The intellectual dishonesty of the Brexit Taliban is now in full view

Former UK foreign secretary Boris Johnson arrives at Downing Street for a cabinet meeting in London on July 3. (Andy Rain/EPA-EFE/Shutterstock)
Former UK foreign secretary Boris Johnson arrives at Downing Street for a cabinet meeting in London on July 3. (Andy Rain/EPA-EFE/Shutterstock)

The United Kingdom is crashing into the fundamental intellectual dishonesty of its brave Brexit campaigners: No one on the pro-Brexit side had the courage or the competence to explain alternatives to membership in the European Union.

Now, after the resignations of lead Brexit Secretary David Davis and Foreign Secretary Boris Johnson, the UK’s political system is degenerating into a furious fistfight between advocates of different bad options. It’s ugly, and it’s likely to get worse.

More than two years have passed since the referendum, but Davis had not spent more than four hours in trying to negotiate with his E.U. counterpart Michel Barnier. And the clock is ticking: The UK is supposed to leave the E.U. by March 2019; there has to be an agreement on the exit terms and the transition period before October.

Brexit negotiations haven’t made any progress because the UK government has spent more time negotiating with itself rather than Brussels, which has simply had to wait for London to sort itself out.

Prime Minister Theresa May was supposed to bridge the divides in her cabinet, get some sort of realistic strategy on paper and get on with the key task of negotiating with Brussels. Initially, it looked as if the prime minister had managed to get everyone aboard for a shotgun agreement on some sort of policy. It didn’t last long. Now everything risks going up in flames.

May has tried to combine the rhetoric of “hard Brexit” with policies of a “soft Brexit,” which would have been difficult even under the best of circumstances. The resigning Brexiteers are not wrong in pointing out some of the flaws in the proposed deal. It tries to square a circle, which historically has always been tricky. Not being in the single market, but seeking to be for the sake of goods, was bound to be a tricky position both in terms of domestic public opinion and in the relationship with the remaining E.U. countries.

Are there options? A Norwegian-style model with a membership of the single market is technically possible, but it does include a painful democratic deficit that would be hard to swallow. Norway is a member of the E.U. single market and accordingly has to abide by all the rules that define this market, ranging from the minutiae to the massively important. But it’s the E.U. member states that decide the rules on the single market that Norway must follow. In fact, May seems to be seeking a semi-Norway solution for UK goods. But the E.U. is likely to want to go full-Norway.
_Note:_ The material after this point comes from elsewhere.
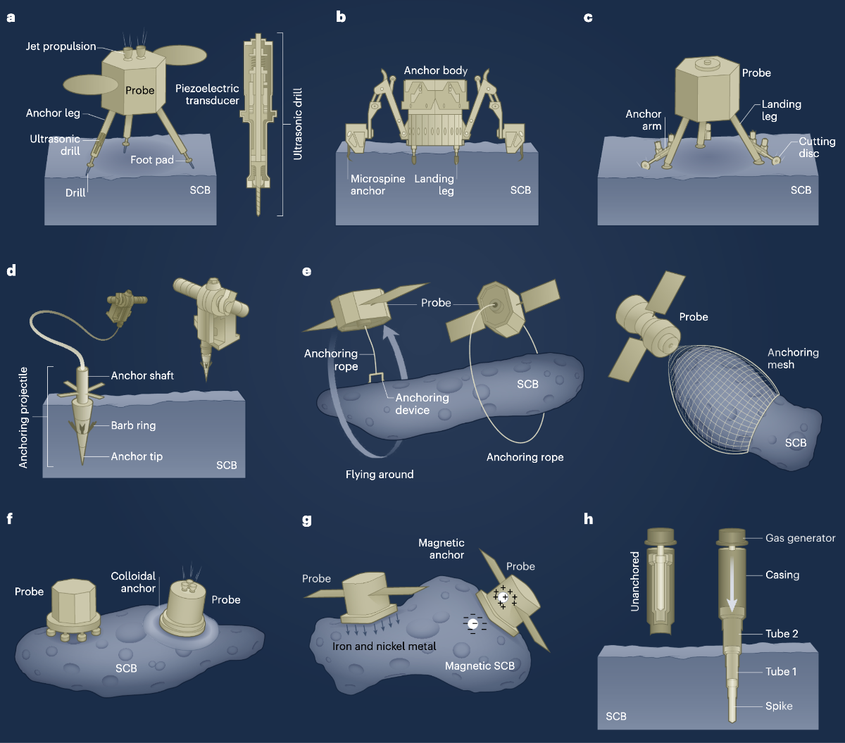 - A recent paper explores methods of landing a spacecraft in the incredibly weak gravitational fields of asteroids. These methods include various anchoring systems that use drills, spikes, barbed spears, lassoes, nets, quick-acting adhesives, and/or magnets… time to rustle ourselves up an asteroid.

Many industries have made clear that these economic issues are fundamental issues for them — Airbus is only the latest company that has started to speak up. Car companies are in the UK to produce not only for the UK, but also for the entire E.U. market; others are dependent on tightly integrated value chains with thousands of suppliers spread across the E.U. If their integrated market or production bases are suddenly fractured with tariffs, rules-of-origin procedures and unforeseen costs, it simply doesn’t work anymore. The world is a very competitive place, and deteriorating competitiveness due to new barriers and costs has a high price.

This is what has driven May toward her new approach. But not only does it clash with her “red-line” rhetoric, it also has infuriated the Brexit Taliban and is unlikely to fly with the remaining 27 E.U. countries.

So where is all this heading? The London betting firms might be as good — or as bad — in predicting what will happen as the political pundits and observers. It’s a profound mess — but there the agreement ends.

The worst possible outcome would be a UK that simply crashes out of the E.U. without an agreement. I still believe and hope that sanity will prevail and prevent this, but with the current turmoil, nothing can be excluded.

The entire Brexit process has demonstrated how integrated the E.U. economies and societies have become during their decades together and how intrusive in many different areas the divorce process really is — from nuclear safety to the possibility to travel across Europe with your favorite pets. To disentangle — say California or Texas — from the United States might only be marginally more difficult.

The United Kingdom has to choose between different bad options, and that is never a comfortable situation to be in. The UK’s government will be able to chart a course out of it only when it wakes up to the unpleasant realities of its predicament.

But we are not there yet.

Carl Bildt is a former prime minister of Sweden and a contributing columnist for The Post.